Prep 30 mins
Cook 30 mins
A Lighter cake from Rose Reisman's recipe book Divine Indulgences
Make and share this Orange Upside-Down Cake recipe from Food.com.
- 2⁄3 cup packed brown sugar
- 1⁄2 cup corn syrup
- 1 tablespoon butter
- 2 navel oranges
- 2⁄3 cup granulated sugar
- 1 orange, zest of
- 1⁄2 cup low-fat plain yogurt
- 1⁄2 cup fresh orange juice
- 1⁄4 cup vegetable oil
- 1 large egg
- 2 large egg whites
- 1 1⁄3 cups flour
- 1 1⁄2 teaspoons baking powder
- 1 dash salt
- Preheat oven to 350.
- Spray a 9 inch square pan with vegetable spray.
- In prepared pan, stir together brown sugar, corn syrup and margarine.
- Place the pan in the oven for 5 minutes.
- Stir the mixture until it is well mixed (it will be stick and thick).
- Zest one orange.
- Using a sharp paring knife, cut the rind and pith away from both oranges (including the one you zested).
- Slice oranges crosswise into 1/4 inch slices.
- Place the slices in a single layer at the bottom of the pan.
- In a bowl, beat sugar, orange rind, yogurt, orange juice, oil, egg and egg whites.

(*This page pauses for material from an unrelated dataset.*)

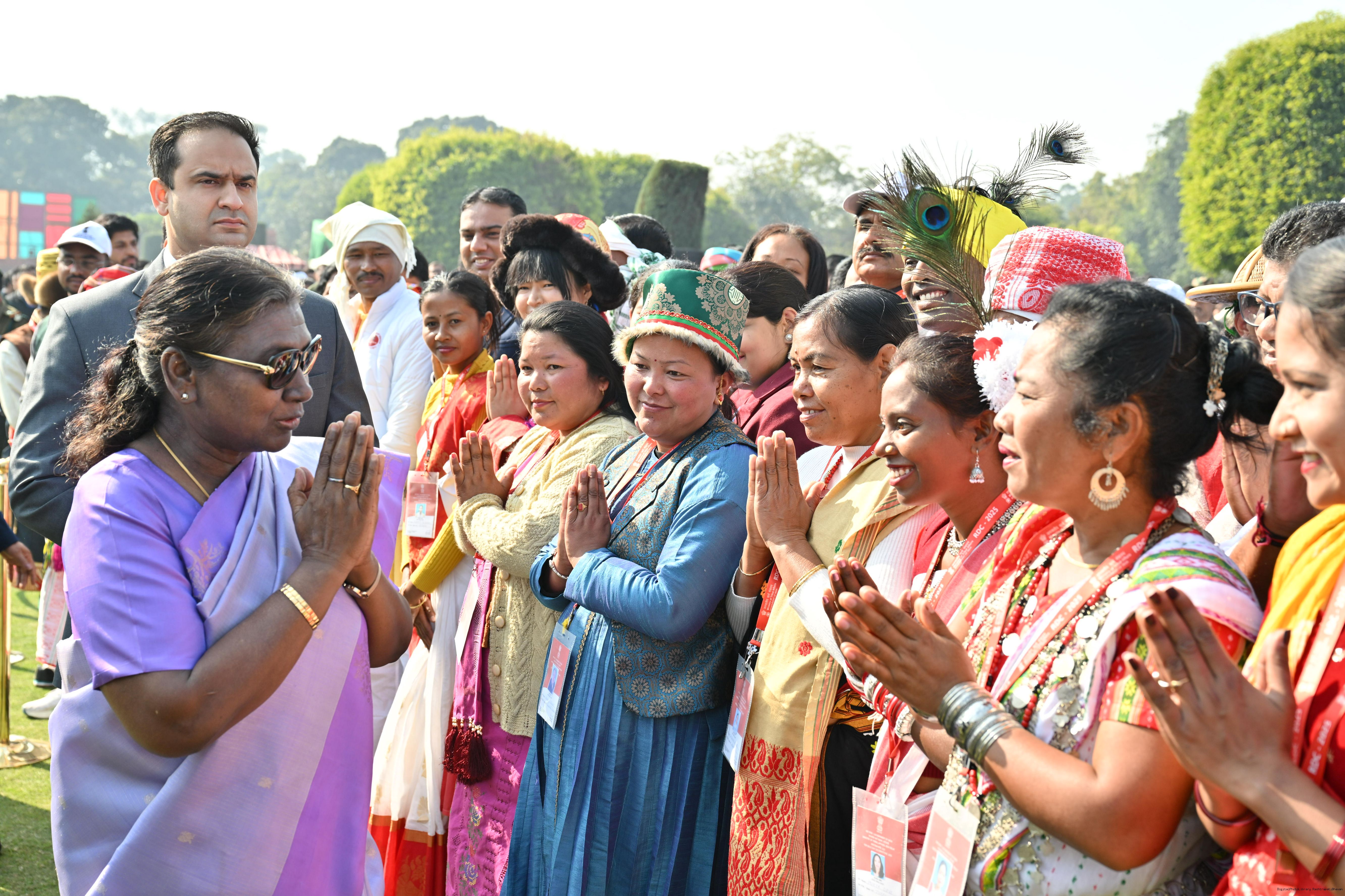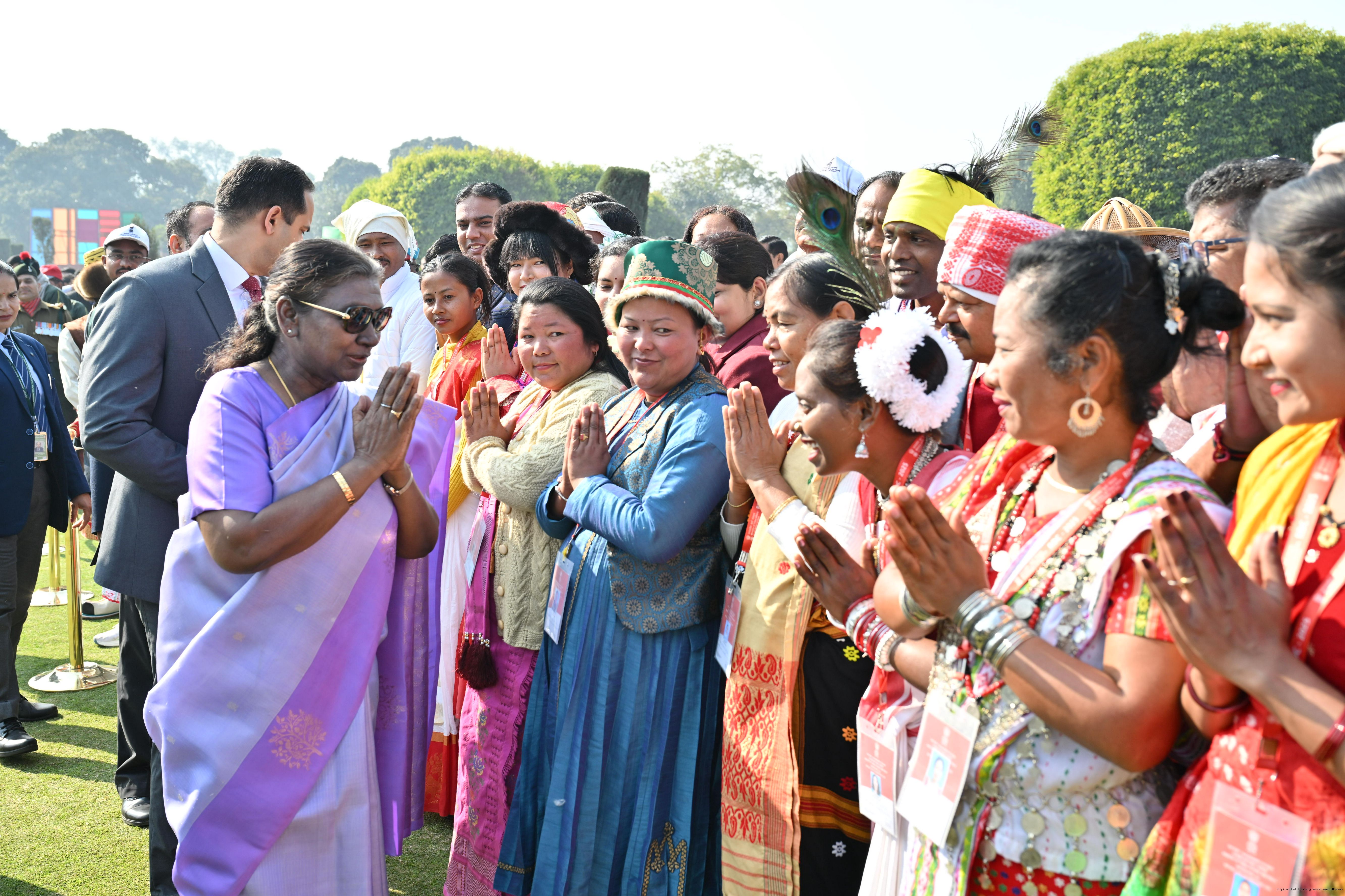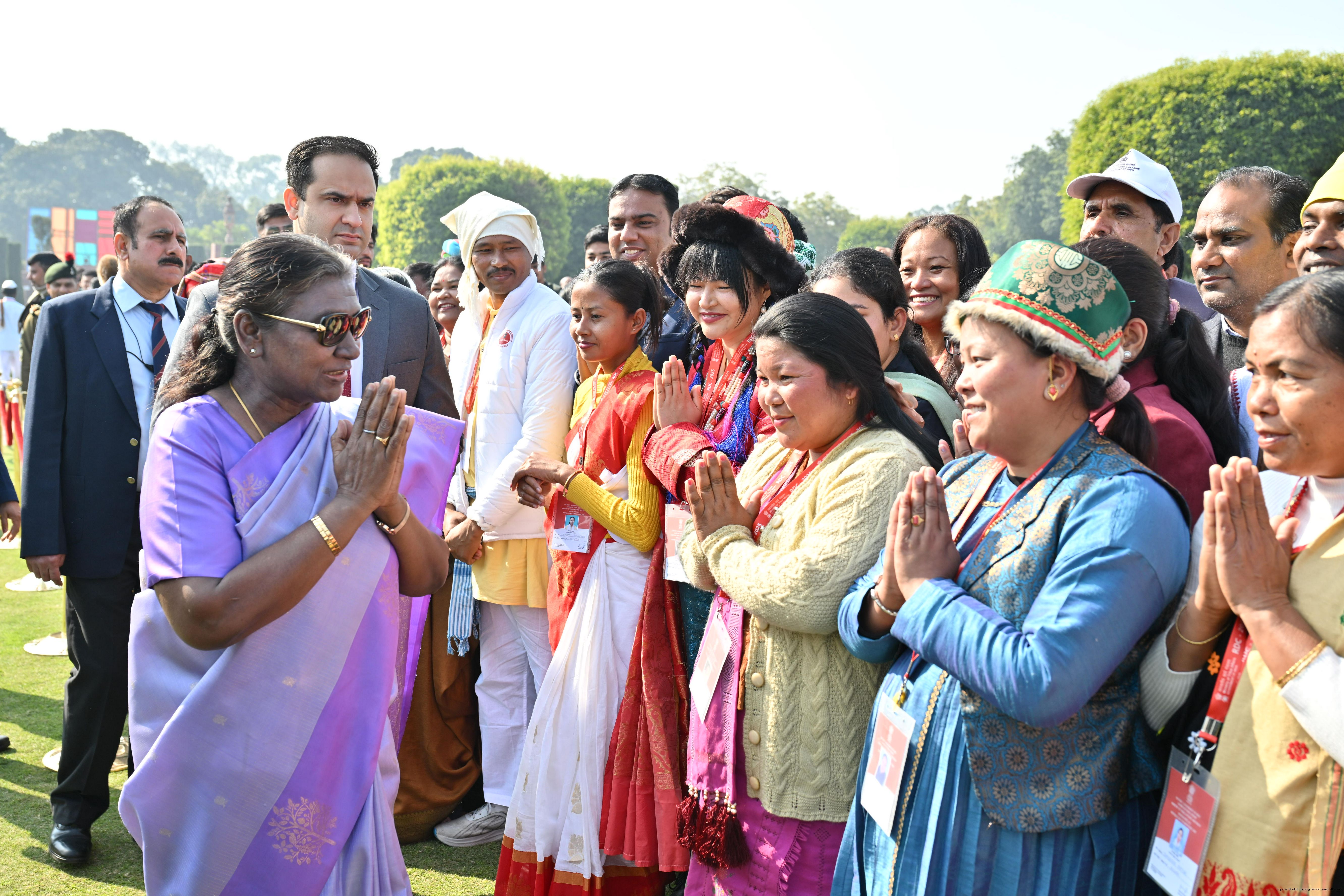 | Category: | The President met and posing a group photographs tribal guests, tableaux artistes and tractor drivers, NSS volunteers and NCC cadets, officials 28-01-2025 |

- In another bowl, stir together flour, baking powder and salt.
- With a wooden spoon, stir the dry ingredients into the orange mixture until everything is just combined.
- Pour the mixture into the pan.
- Place the pan in the centre of the oven and bake 30 minutes or until tester comes out dry.
- Let the pan cool on a wire rack for 20 minutes.
- Carefully invert the cake onto a serving plate.